DESCRIPTION OF THE TASK. Return every entry exactly, except for any pictures.

-------- THE DATA

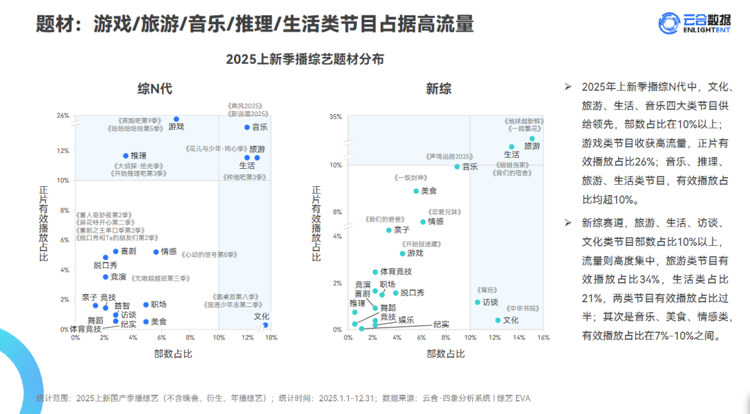 根据击壤科技发布的《2025年综艺市场洞察报告》,生活体验类题材以32档的数量领跑网综赛道,同比增长了23%;旅游类综艺作为热门赛道,也在2025年实现了内容上的创新升级,融入生活方式表达、文化体验、情绪疗愈等多维度元素,如关注熟龄女性和跨龄旅行生活体验的《一路繁花》系列、侧重展现群像故事和游戏环节的《地球超新鲜》、结合情感与旅行双重标签的《妻子的浪漫旅行7》等。
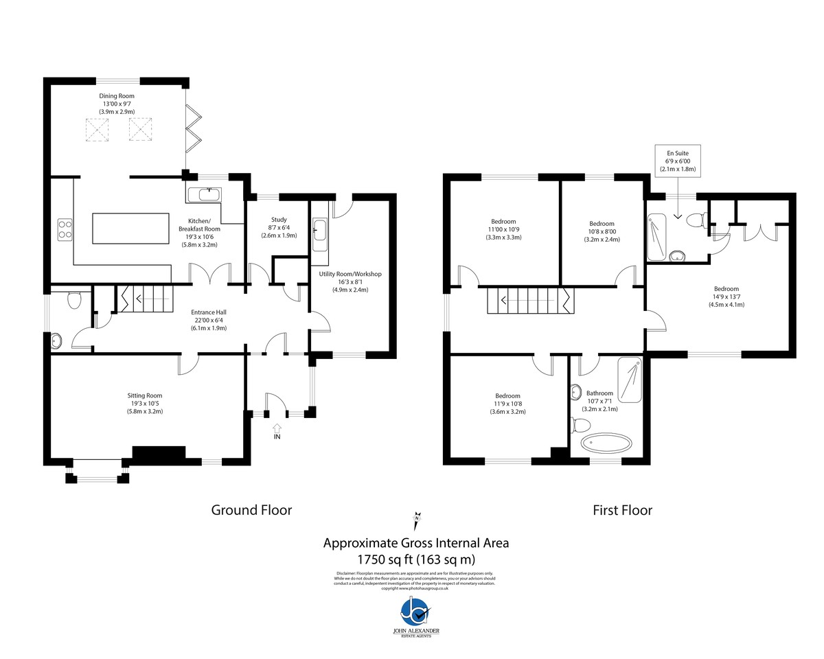 The spacious First Floor Landing (19'3" x 6'4" / 5.87m x 1.93m) provides an elegant central space with fitted shutters and access to the loft.
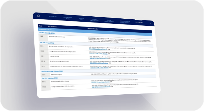 Code GRI Disclosure Reference/Location Environmental Disclosures GRI 301: Materials (2016) 301-2 Recycled input materials used 2021–2022 ESG Report: Advancing Climate Solutions: Backing our Customers & Partners: Promoting a circular economy and expanding recycled plastic cards on page 51 which includes the goal for a vast majority of the plastic cards issued by American Express to be made of at least 70% recycled or reclaimed plastics by the end of 2024. GRI 302: Energy (2016) 302-1 Energy consumption within the organization 2021–2022 ESG Report: Supporting Data: Environmental Performance Data Summary on page 96, 2021 CDP Climate Change Response (C8) 302-2 Energy consumption outside of the organization 2021–2022 ESG Report: Supporting Data: Environmental Performance Data Summary on page 96, 2021 CDP Climate Change Response (C8) 302-3 Energy intensity 2021–2022 ESG Report: Moving to Net-Zero on pages 43-47, Supporting Data: Environmental Performance Data Summary on page 96, 2021 CDP Climate Change Response (C8) 302-4 Reduction of energy consumption 2021–2022 ESG Report: Moving to Net-Zero on pages 43-47, Supporting Data: Environmental Performance Data Summary on page 96, 2021 CDP Climate Change Response (C3) 302-5 Reductions in energy requirements of products and services 2021–2022 ESG Report: Moving to Net-Zero on pages 43-47, Supporting Data: Environmental Performance Data Summary on page 96, 2021 CDP Climate Change Response (C3) GRI 303: Water and Effluents (2016) 303-5 Water Consumption 2021–2022 ESG Report: Supporting Data: Environmental Performance Data Summary on page 96 GRI 305: Emissions (2016) 305-1 Direct (Scope 1) GHG emissions 2021–2022 ESG Report: Supporting Data: Environmental Performance Data Summary on page 96, 2021 CDP Climate Change Response (C6) 305-2 Energy indirect (Scope 2) GHG emissions 2021–2022 ESG Report: Supporting Data: Environmental Performance Data Summary on page 96, 2021 CDP Climate Change Response (C6) INTRODUCTION PROMOTING DE&I ADVANCING CLIMATE SOLUTIONS BUILDING FINANCIAL CONFIDENCE OUR ESG GOVERNANCE & OPERATING RESPONSIBLY SUPPORTING DATA OUR COMMITMENT TO ESG 117
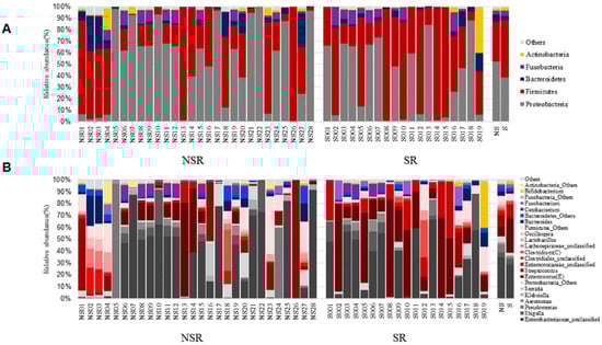 3.2. Bile Microbiome Compositions in SR and NSR Groups
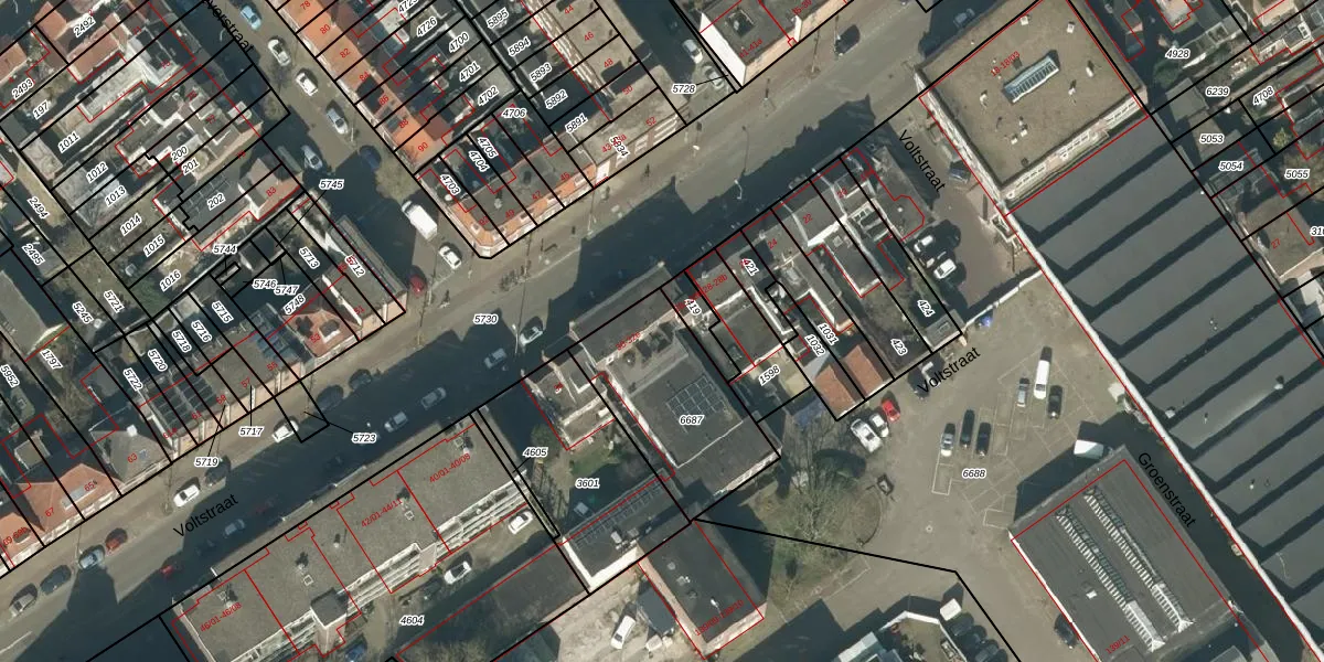 Voltstraat 30 is gelegen op kadastraal perceel TBG01R6687. Deze kadastrale aanduiding is uniek en wordt gebruikt door het Kadaster om eigendomsrechten en andere zakelijke rechten vast te leggen. Het perceel maakt onderdeel uit van de kadastrale gemeente Tilburg.
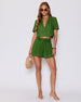 If golden hour were a pair of shorts, the Natalie Linen Pocketed Tie Waist Shorts would be it. With a subtle sheen that catches the light just right, this pair delivers effortless polish without trying too hard. Made from lightweight linen and detailed with pintuck accents, a detachable waist tie, and side slant pockets (yes, real ones!), they’re the definition of “put-together but chill.” Pair with a tucked tank or the matching top and get ready for compliments with every step.
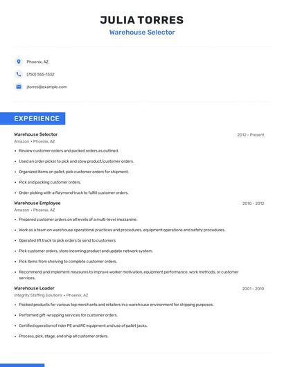 You can use Zippia's AI resume builder to make the resume writing process easier while also making sure that you include key information that hiring managers expect to see on a warehouse selector resume. You'll find resume tips and examples of skills, responsibilities, and summaries, all provided by Zippi, your career sidekick.
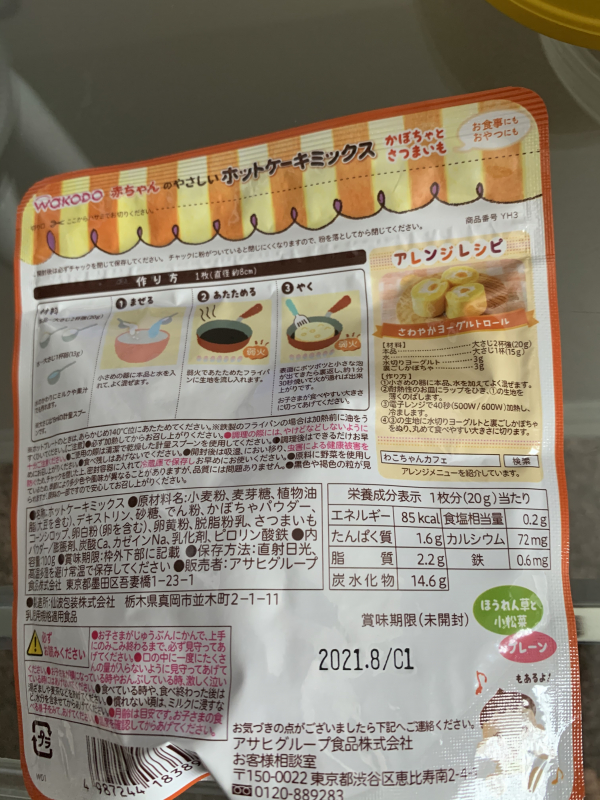 ベビー用とうたわれている商品であれば、エネルギー量が通常のホットケーキよりも少ないかもしれません。
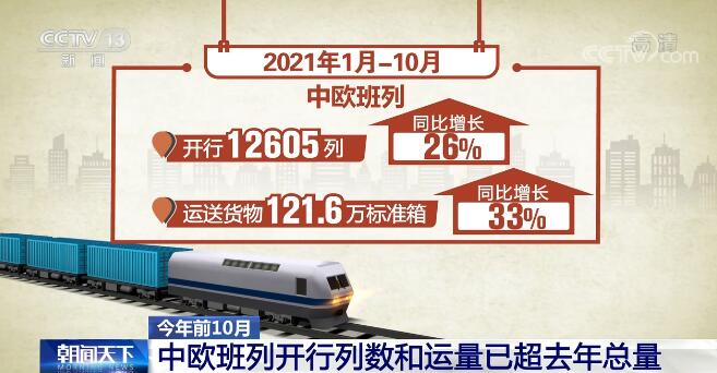 據(jù)了解,今年1月至10月,中歐班列開行12605列、運(yùn)送貨物121.6萬標(biāo)準(zhǔn)箱,同比分別增長(zhǎng)26%和33%;開行列數(shù)和運(yùn)量均超2020年全年總量,實(shí)現(xiàn)了班列開行數(shù)量和貨物發(fā)送量雙增長(zhǎng)。

----------------

RESPONSE FOR THIS EXERCISE.
 根据击壤科技发布的《2025年综艺市场洞察报告》,生活体验类题材以32档的数量领跑网综赛道,同比增长了23%;旅游类综艺作为热门赛道,也在2025年实现了内容上的创新升级,融入生活方式表达、文化体验、情绪疗愈等多维度元素,如关注熟龄女性和跨龄旅行生活体验的《一路繁花》系列、侧重展现群像故事和游戏环节的《地球超新鲜》、结合情感与旅行双重标签的《妻子的浪漫旅行7》等。
 The spacious First Floor Landing (19'3" x 6'4" / 5.87m x 1.93m) provides an elegant central space with fitted shutters and access to the loft.
 Code GRI Disclosure Reference/Location Environmental Disclosures GRI 301: Materials (2016) 301-2 Recycled input materials used 2021–2022 ESG Report: Advancing Climate Solutions: Backing our Customers & Partners: Promoting a circular economy and expanding recycled plastic cards on page 51 which includes the goal for a vast majority of the plastic cards issued by American Express to be made of at least 70% recycled or reclaimed plastics by the end of 2024. GRI 302: Energy (2016) 302-1 Energy consumption within the organization 2021–2022 ESG Report: Supporting Data: Environmental Performance Data Summary on page 96, 2021 CDP Climate Change Response (C8) 302-2 Energy consumption outside of the organization 2021–2022 ESG Report: Supporting Data: Environmental Performance Data Summary on page 96, 2021 CDP Climate Change Response (C8) 302-3 Energy intensity 2021–2022 ESG Report: Moving to Net-Zero on pages 43-47, Supporting Data: Environmental Performance Data Summary on page 96, 2021 CDP Climate Change Response (C8) 302-4 Reduction of energy consumption 2021–2022 ESG Report: Moving to Net-Zero on pages 43-47, Supporting Data: Environmental Performance Data Summary on page 96, 2021 CDP Climate Change Response (C3) 302-5 Reductions in energy requirements of products and services 2021–2022 ESG Report: Moving to Net-Zero on pages 43-47, Supporting Data: Environmental Performance Data Summary on page 96, 2021 CDP Climate Change Response (C3) GRI 303: Water and Effluents (2016) 303-5 Water Consumption 2021–2022 ESG Report: Supporting Data: Environmental Performance Data Summary on page 96 GRI 305: Emissions (2016) 305-1 Direct (Scope 1) GHG emissions 2021–2022 ESG Report: Supporting Data: Environmental Performance Data Summary on page 96, 2021 CDP Climate Change Response (C6) 305-2 Energy indirect (Scope 2) GHG emissions 2021–2022 ESG Report: Supporting Data: Environmental Performance Data Summary on page 96, 2021 CDP Climate Change Response (C6) INTRODUCTION PROMOTING DE&I ADVANCING CLIMATE SOLUTIONS BUILDING FINANCIAL CONFIDENCE OUR ESG GOVERNANCE & OPERATING RESPONSIBLY SUPPORTING DATA OUR COMMITMENT TO ESG 117
 3.2. Bile Microbiome Compositions in SR and NSR Groups
 Voltstraat 30 is gelegen op kadastraal perceel TBG01R6687. Deze kadastrale aanduiding is uniek en wordt gebruikt door het Kadaster om eigendomsrechten en andere zakelijke rechten vast te leggen. Het perceel maakt onderdeel uit van de kadastrale gemeente Tilburg.
 If golden hour were a pair of shorts, the Natalie Linen Pocketed Tie Waist Shorts would be it. With a subtle sheen that catches the light just right, this pair delivers effortless polish without trying too hard. Made from lightweight linen and detailed with pintuck accents, a detachable waist tie, and side slant pockets (yes, real ones!), they’re the definition of “put-together but chill.” Pair with a tucked tank or the matching top and get ready for compliments with every step.
 You can use Zippia's AI resume builder to make the resume writing process easier while also making sure that you include key information that hiring managers expect to see on a warehouse selector resume. You'll find resume tips and examples of skills, responsibilities, and summaries, all provided by Zippi, your career sidekick.
 ベビー用とうたわれている商品であれば、エネルギー量が通常のホットケーキよりも少ないかもしれません。
 據(jù)了解,今年1月至10月,中歐班列開行12605列、運(yùn)送貨物121.6萬標(biāo)準(zhǔn)箱,同比分別增長(zhǎng)26%和33%;開行列數(shù)和運(yùn)量均超2020年全年總量,實(shí)現(xiàn)了班列開行數(shù)量和貨物發(fā)送量雙增長(zhǎng)。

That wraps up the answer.